[Vortex] How to use TLS with client cert?

Mon Dec 24 12:29:33 CET 2007

Hi Jens,

> I want to use TLS to authenticate BEEP sessions. But I want the  
> authentication to be bi-directional: each peer will use a [self- 
> signed] cert, and each peer will check the other's cert. I know TLS  
> supports this, though it's rarely used in a client-server world; 

Sure, it is supported Jens...

> but  
> I'm having trouble getting it to work in Vortex.
> 
> Out of the box, Vortex only seems to have the "server" (listener)
> use  
> a cert.
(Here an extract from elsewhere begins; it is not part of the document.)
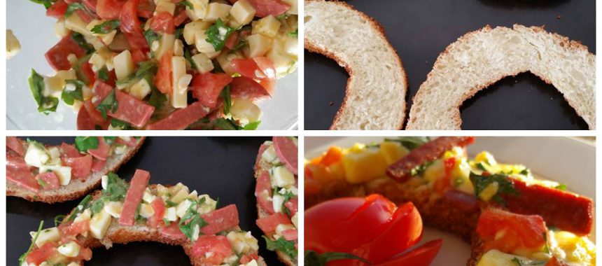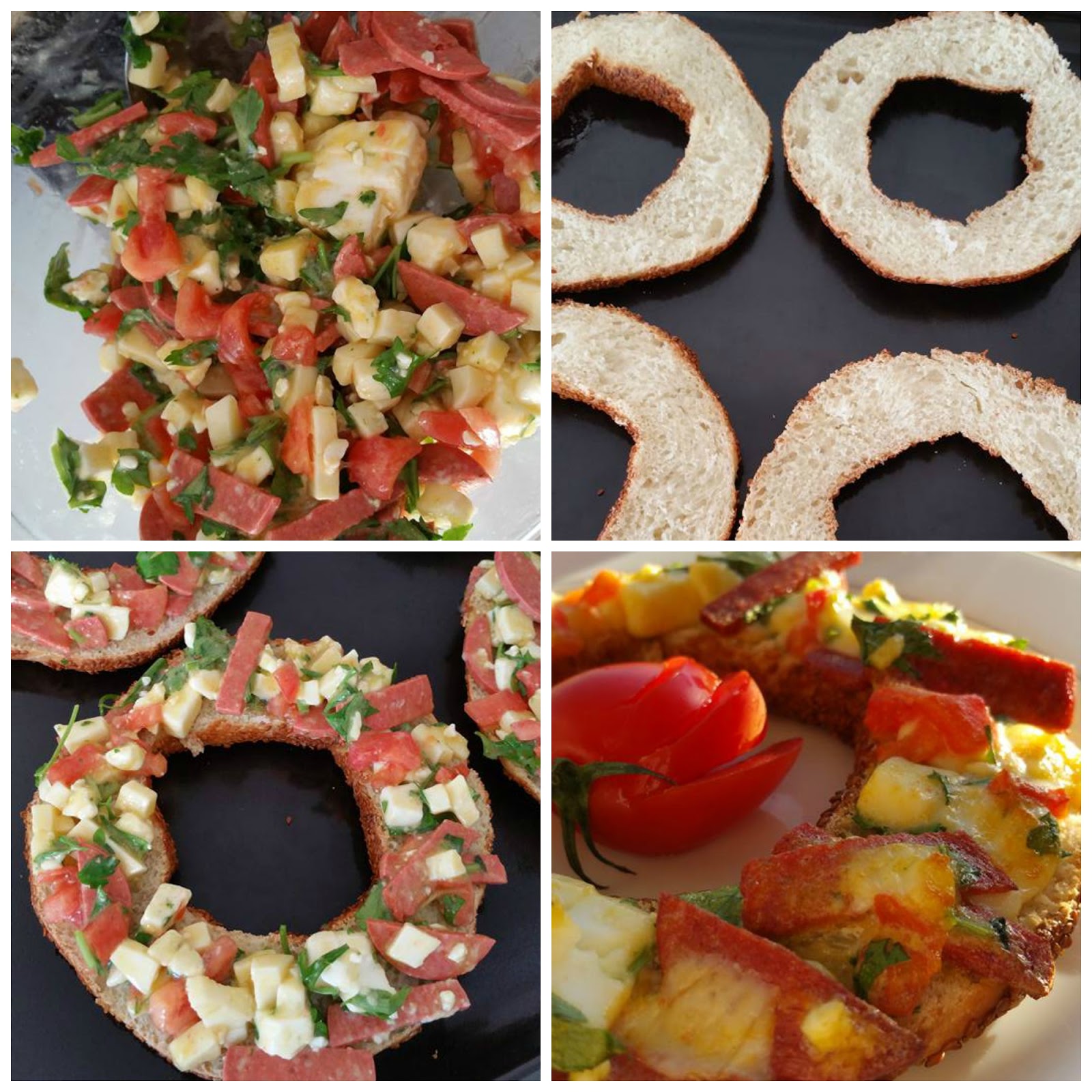 Açtığımız simit çukurlarına bu karışımı doldurup üzerine diğer malzemelerimizi yerleştiriyoruz. (tercihe bağlı olarak malzemeleri elbette değiştirebilirsiniz)

I need to make the "client" send one too, that the listener  
> can check.

That is, the default configuration provided only support server
authentication (only the listener provides a certificate, like https
dones)...

> What I've done so far is to have the initiator call  
> vortex_tls_set_default_ctx_creation, and the TLS context creation  
> callback consists largely of a snippet copied out of Vortex's
> listener  
> code that creates the context and adds the cert and private-key
> files  
> to it. Then after connecting, each side calls  
> vortex_tls_get_peer_ssl_digest to identify its peer.
> 
> The connection gets made OK, but I'm not sure that the "client"'s
> key  
> is being used, because on the listener side the SSL digest comes
> back  
> NULL. Any ideas?
> 
> [I admit I'm a TLS and OpenSSL newbie. I've got an O'Reilly book on  
> order, but it's not here yet.]

A useful order.

You are in the right direction, using the proper functions... 

There is an example that does exactly what you are trying [1]. It is the
documentation associated to the VortexTlsCtxCreation.

This is an initial piece because you must verify state after doing all
TLS voodo using a post checking (VortexTlsPostCheck) at the client
side. 

Cheers!

http://www.aspl.es/fact/files/af-arch/vortex/html/group__vortex__handlers_g95cb6046ad10727a9df7cca75b6ef2dc.html#g95cb6046ad10727a9df7cca75b6ef2dc

> Thanks!
> 
> --Jens
-- 
Francis Brosnan Blazquez <francis at aspl.es>
Advanced Software Production Line, S.L.